Thu. Sep 19th, 2024

Brussels, 17 November 2023
The European Commission has informed Adobe of its preliminary view that its proposed acquisition of Figma may reduce competition in the global markets for the supply of interactive product design software and of other creative design software.

Adobe is a global software company offering, among others, creative design software tools (e.g., Illustrator and Photoshop) and an interactive product design tool (Adobe XD). Figma is a provider of a web-based collaborative tool for interactive product design (Figma Design) as well as a whiteboarding tool.

Interactive product design software tools are used mainly to design websites, mobile applications, and other digital products.
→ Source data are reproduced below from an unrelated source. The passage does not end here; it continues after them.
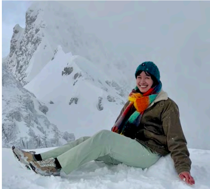
體驗了一輪完整的春夏秋冬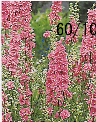
サンシャイン ローズ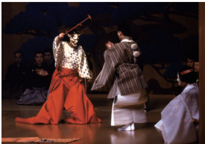
“能剧”表演 图为观世流派演出的《葵之上》中的场景。

能 剧 ( noh ) 和狂言 ( kyogen ) 是日本四大古典戏剧中的两种戏剧形式，另外两种是“歌舞伎” ( kabuki ) 和“文乐” ( bunraku )。“能剧”从广义上说包括滑稽剧“狂言”。公元14世纪，能剧已经发展成为一种独特的戏剧形式，是世界上现存的最古老的专业剧种。尽管“能剧”和“狂言”有着不可分割的共同发展的历史，但两者在很多方面却截然不同。“能剧”基本上是一种象征形式的戏剧，注重在高雅的美学氛围中的宗教礼仪和联想暗示的表现形式。而“狂言”则主要注重通过诙谐滑稽的表演以引人发笑。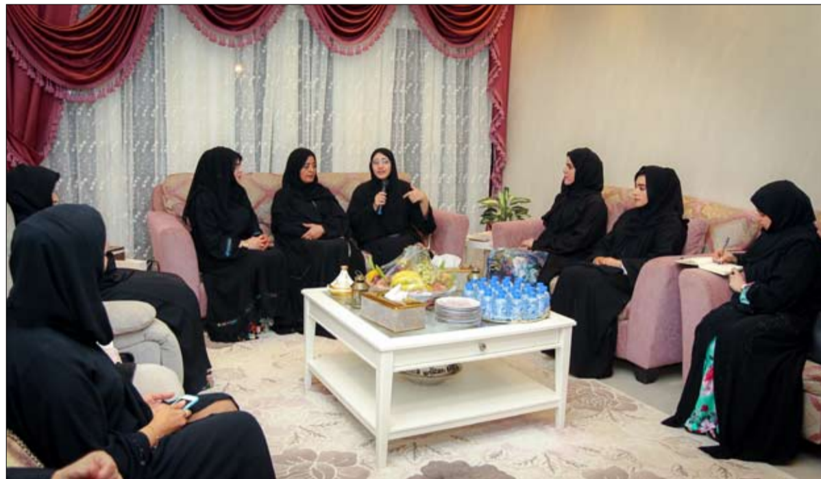
ناقش المجلس موضوع «الابتزاز الإلكتروني» وجهود شرطة أبوظبي في التعامل الأمني مع قضايا الابتزاز الإلكتروني، والتصدي للجريمة حيث تشكل هذه الجرائم خطراً يورق المجتمع وأجمعت المشاركات والحاضرات الدولي والمحلي على حد سواء.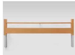
Bettverlängerung (auch nachträglich montierbar)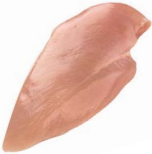
Pechuga Pollo Fresca. 101 00164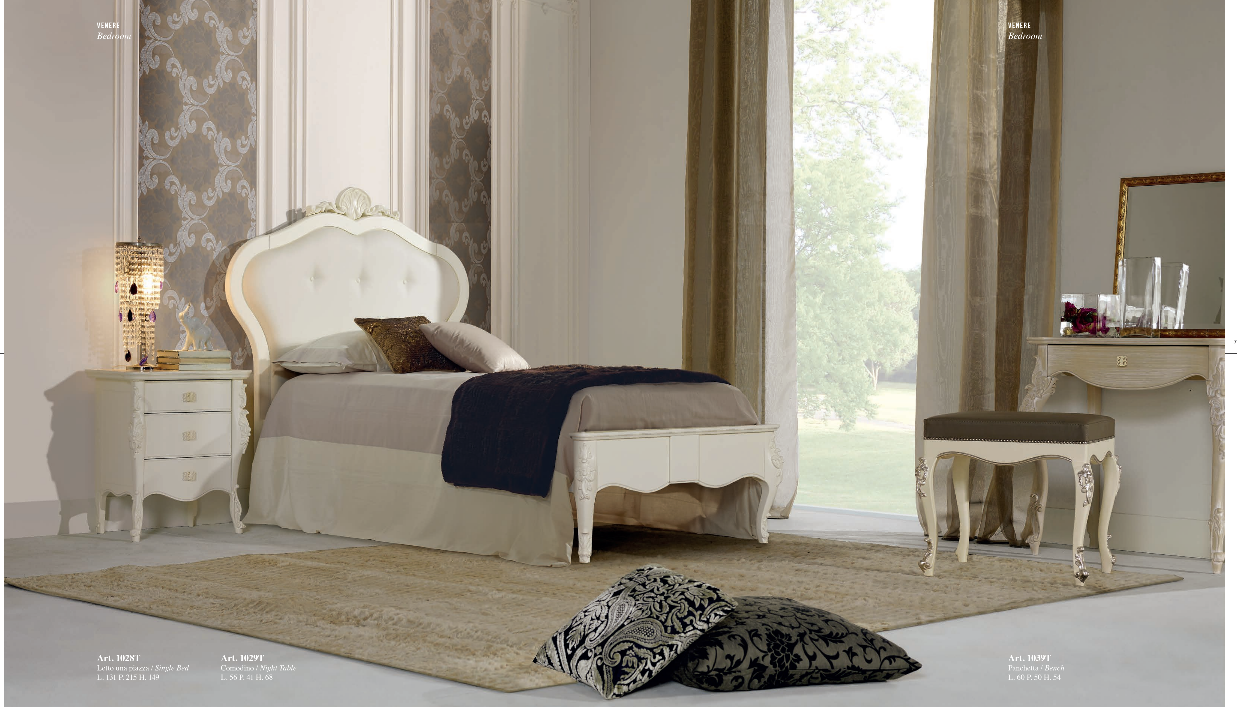
Art. 1039T Panchetta / Bench L. 60 P. 50 H. 54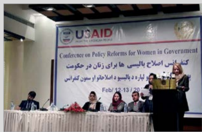
ضرورت اصلاح پالیسی های اداری جهت مصون سازی فضای کاری برای زنان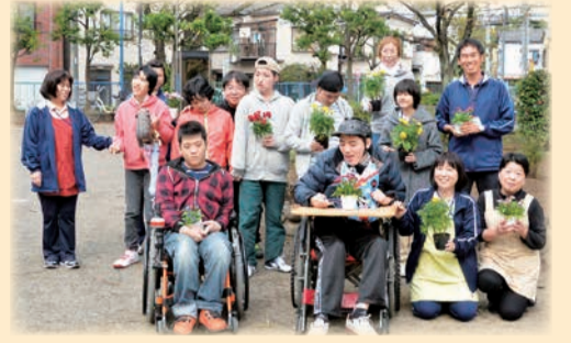
公園の花壇を手入れしている、障害者生活介護施設すみだステップハウスおおぞら「ひだまり」のみなさん

差などの物理的バリア(障壁)や障害のある人に対する社会の理解不足といった心のバリアを取り除き、障害や障害のある人に対する正しい理解と知識を普及し、ノーマライゼーションの考え方を浸透させる必要があります。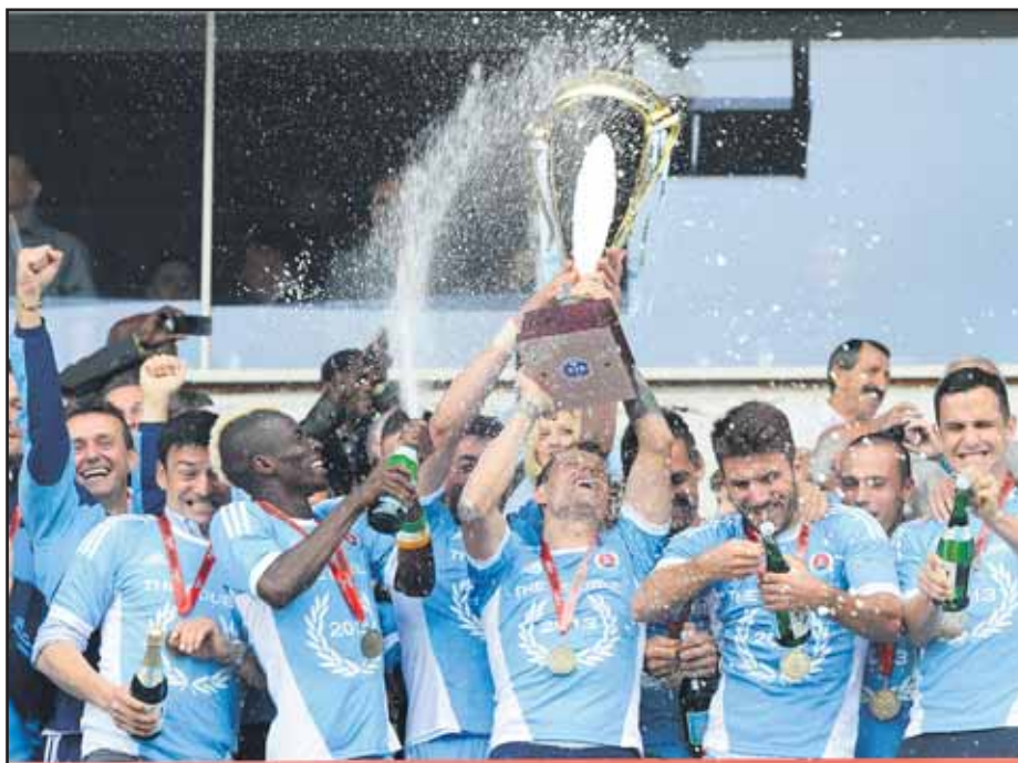
Belasi zdvihli nad hlavu majstrovský pohár už siedmykrát.

Mestský dopravca priznáva, že konanie úradu zdržalo celý proces, ale len minimálne, a súťaž na nákup električiek môže opäť pokračovať. (dpb)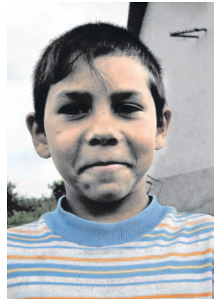
Co s Romy? Tuto otázku nejvíce řeší na severu kraje.

Výsledkem jsou do detailu připravené projekty, které čekají na schválení a přidělení dotací. „Jde o vybudování nového nízkopraho-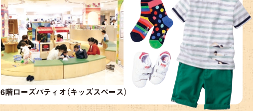
6階ローズパティオ(キッズスペース)

見てるだけで心が浮き立つ、「カラフルグラフィカルスタイル」がトレンド。弾けるような明るいカラーリングに柄を掛け合わせた、春夏スタイリングをご提案します。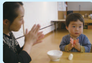
この日は粘土遊びでした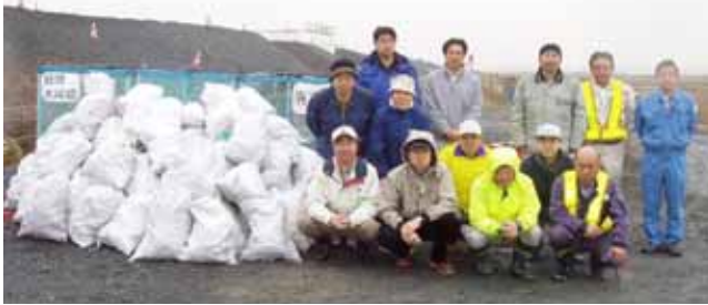
県道から収集した空き缶・ゴミと参加メンバー

安全協議会では、地域に根ざした高速道路を建設する会社として、清掃活動等のボランティア活動を継続しますので、地域で清掃を要望する場所がありましたら(編集責任者 山田)へご連絡頂ければ幸いです。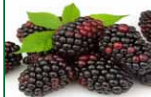
Mora de castilla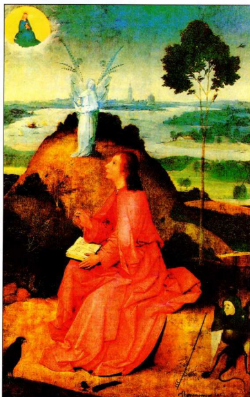
7. «Ο Άγιος Ιωάννης στην Πάτμο». Ξεφάνης Μποδ, λάδι σε έβλο, 63x43,2 εκ., γύρω στο 1480, Βερολίνο, Gemäldegalerie.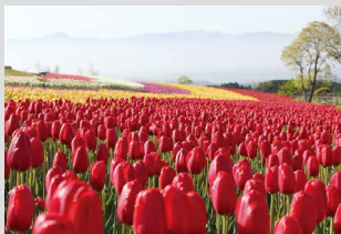
チューリップ / 4月下旬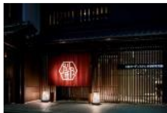
京都新町 別邸:エントランス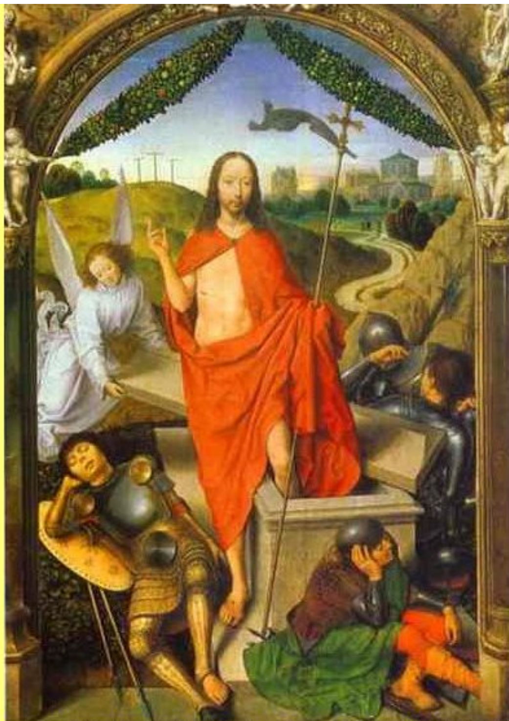
La Resurrection de Hans Memling - Le Louvre Paris (huile sur bois)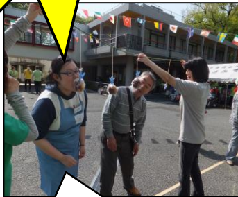
「パン食い競走」 ここで取ったあんぱんが 当日のおやつになりました!!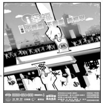
檢舉鄉長、鄉民代表、村長候選人賄選者，最高獎金五十萬元。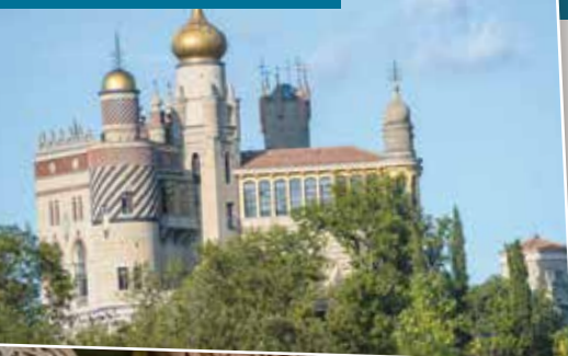
Santuario a Rocca Mattei

Abbiamo in cantiere molte sorprese che spaziano dagli incontri con scrittori, alle letture ad alta voce, dalle escursioni in centri storici minori e vicini, a visite a musei un po' dimenticati... non per questo meno affascinanti, dove non c'è la ressa delle mostre super reclamizzate, ma la scoperta individuale di opere od oggetti affascinanti.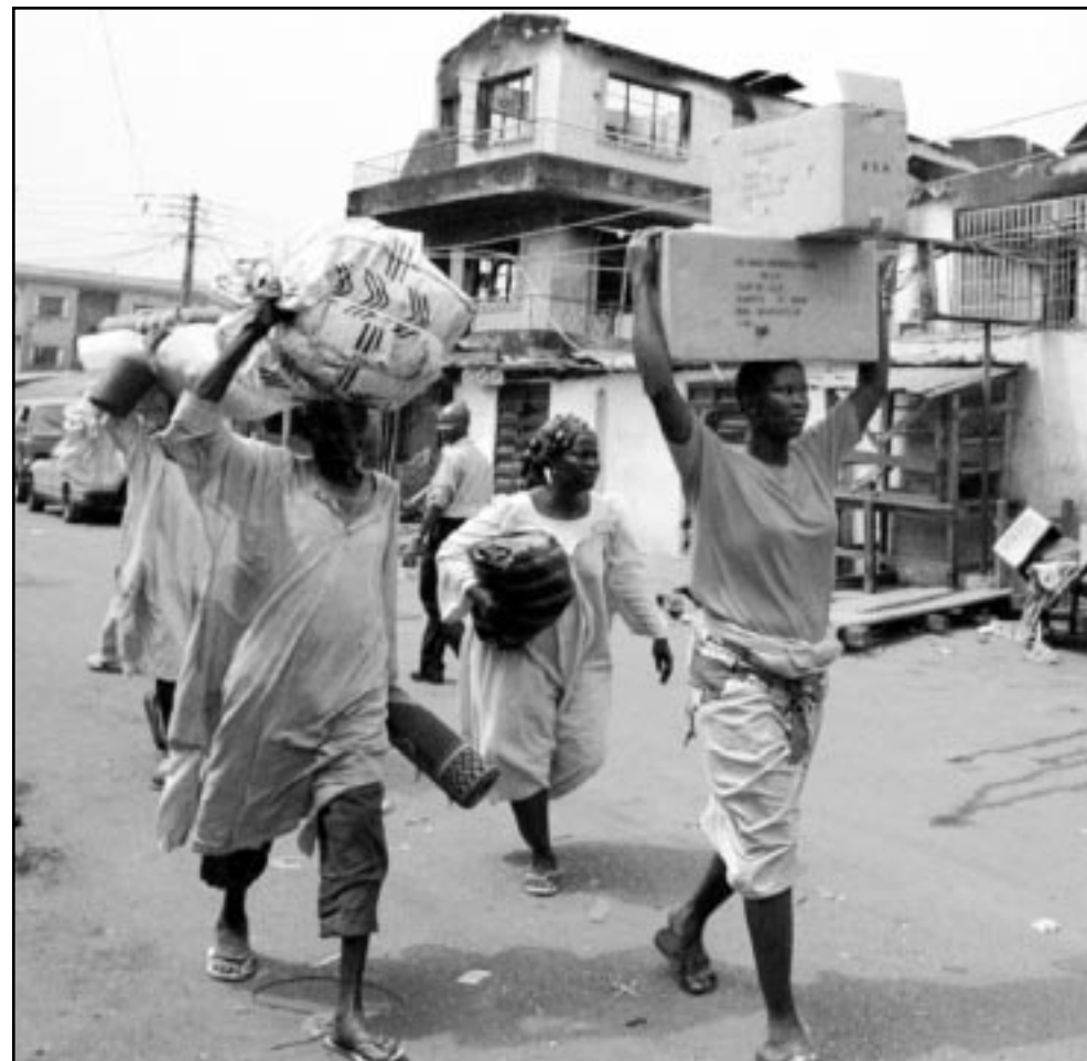
تجيبون يغرون من منازل خشبية اعمال العنف القبلي في لاغوس

■ لاغوس- ا ف ب: افادت حصيلة جديدة اعطاها أمس الاثنتين الصليب الاحمر النيجيري ان المواجهات العرقية الدائرة منذ السبت بين اثنتي الهانوسا واليوروبا في لاغوس اسفرت عن سقوط 55 قتيلا واصابة اكثر من 200 جريح. وكانت حصيلة سابقة وضعها صحافي من وكالة فرانس برس ومصادر طبية الاحد تحدثت عن 21 قتيلا في هذه المواجهات. واكد مراسل وكالة فرانس برس ان آلاف الاشخاص فروا أمس الاثنتين من المدينة فيما احصى الصليب الاحمر اصابة 57 شخصا بجروح بالغة معظمهم اصيبوا بالهراوات والرصاص. وأشار رئيس الصليب الاحمر النيجيري ايمانويل ايجويري الى ان الحصيلة قد ترتفع لان العاملين مع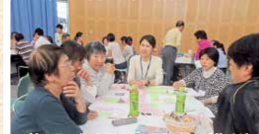
第2回 牧之原市の目指す地域像を考えよう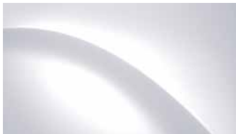
Creamy White Solid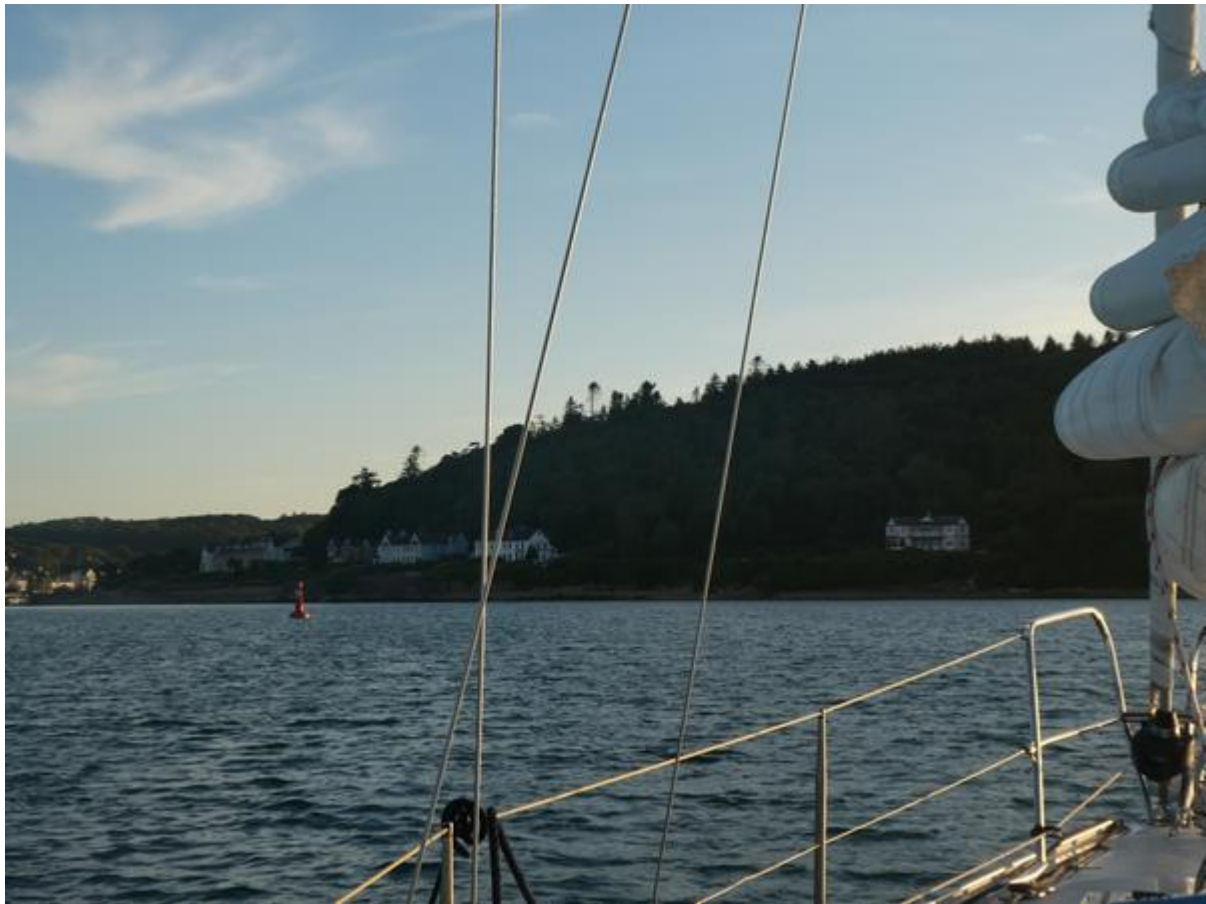
Bijna bij de jachthaven van Crosshaven.

moest ik me goed concentreren op de navigatie, want de geul kronkelde enorm en er lagen overal jachten aan meerboeien.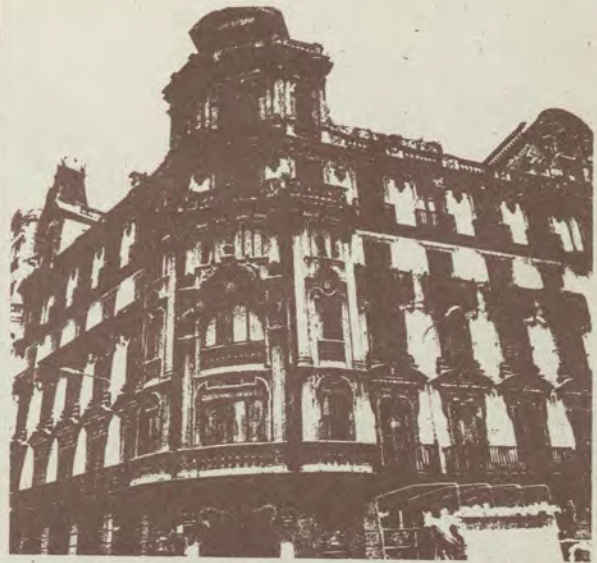
Frente al Palacio de las Cortes.

El patrimonio urbanístico de Madrid se empobrece a marchas forzadas, y las antiguas edificaciones cargadas de historia y de una característica arquitectura dan paso a una nueva ciudad más sofisticada e impersonal, menos admirable, común a cualquier capital de nueva planta. Todas las casas que mostramos en esta página están amenazadas de derribo, según solicitud presentada en el Colegio de Arquitectos. Ante la gravedad de la situación, este organismo profesional llama la atención, y el lunes, a las siete de la tarde, y hasta el 15 de febrero, celebrará una muestra gráfica en su sede de Barquillo, 12, para protestar de alguna forma contra la sistemática destrucción de la Villa hermosa y noble que antaño fue Madrid.

With creative design software, users can create or edit digital assets, such as photos (so-called ‘raster images’), graphic illustrations (so-called ‘vector images’) and videos.

The Statement of Objections

On 7 August 2023, the Commission opened an in-depth investigation to assess Adobe’s proposed acquisition of Figma and whether the transaction may affect competition in the global markets for the supply of interactive product design software, for vector editing software and for raster editing software.

As a result of this in-depth investigation, the Commission reached the preliminary conclusion that the transaction may significantly reduce competition in the global markets for the:

  • Supply of interactive product design tools where Figma is the clear market leader and Adobe one of its largest competitors. The transaction is likely to create a dominant player by combining these market positions. Furthermore, it will result in the discontinuation of Adobe’s own interactive product design tool, Adobe XD, as well as any potential successor product and thus constitute a so-called “reverse killer acquisition”.
  • Supply of vector editing tools and supply of raster editing tools, by eliminating Figma as a potential competitor, thereby strengthening Adobe’s dominance in these markets. Figma already exerts a significant constraining influence on Adobe’s vector editing tool, Adobe Illustrator, as well as on Adobe’s raster editing tool, Photoshop. Moreover, absent the transaction, Figma is significantly likely to enter these markets and grow into an effective competitive force.

The Commission has conducted a wide-ranging investigation to understand the potential impact of the deal. This investigation has included, among others, analysing internal documents provided by the parties and gathering information and views from competing software providers and customers.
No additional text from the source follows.